At present, FAK has been considered as a promising target for the development of small molecular anticancer drugs. However, most of the drugs developed against FAK have not achieved satisfactory results. Among them, FAK inhibitor (Defactinib) only showed moderate antitumor activity in phase II clinical trials of KRAS mutant NSCLC [30–31]. Solid tumors are composed of a complex heterogeneous mixture of cancer cells, immune cell populations, and stromal cells; therefore, combined therapy is needed in most cases for the persistence of the treatment [32]. The present study found that ASAP1 and FAK play a synergistic role in promoting the occurrence, development, invasion and metastasis of NSCLC, and are closely related to the survival status, indicating that ASAP1 is expected to become a potential target for FAK combined therapy.

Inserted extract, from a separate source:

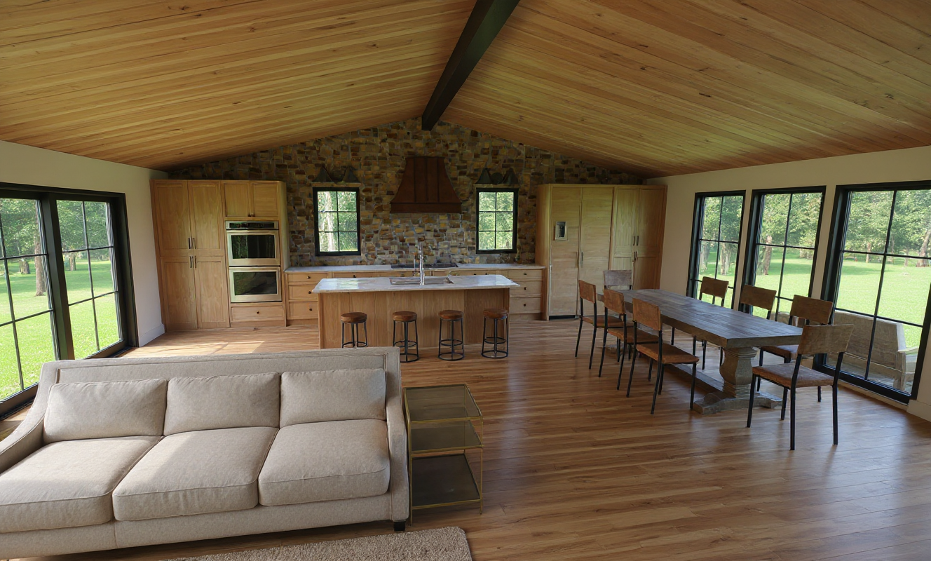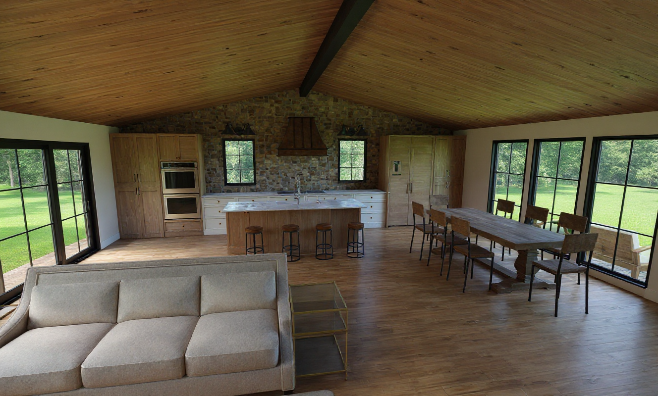 modern farm house interior view from kitchen look to the fireplace architecture

In short, further experiments on ASAP1 and FAK in vivo and in vitro are needed to explore the molecular mechanism of the role of ASAP1 and FAK in the occurrence and development of NSCLC to further deepen the understanding of the malignant biological behavior of NSCLC. It will provide important insights for early diagnosis, early treatment and prognosis evaluation of NSCLC. Additionally, new targets and therapeutic strategies for basic research and clinical new drug development of NSCLC are required for a more comprehensive approach.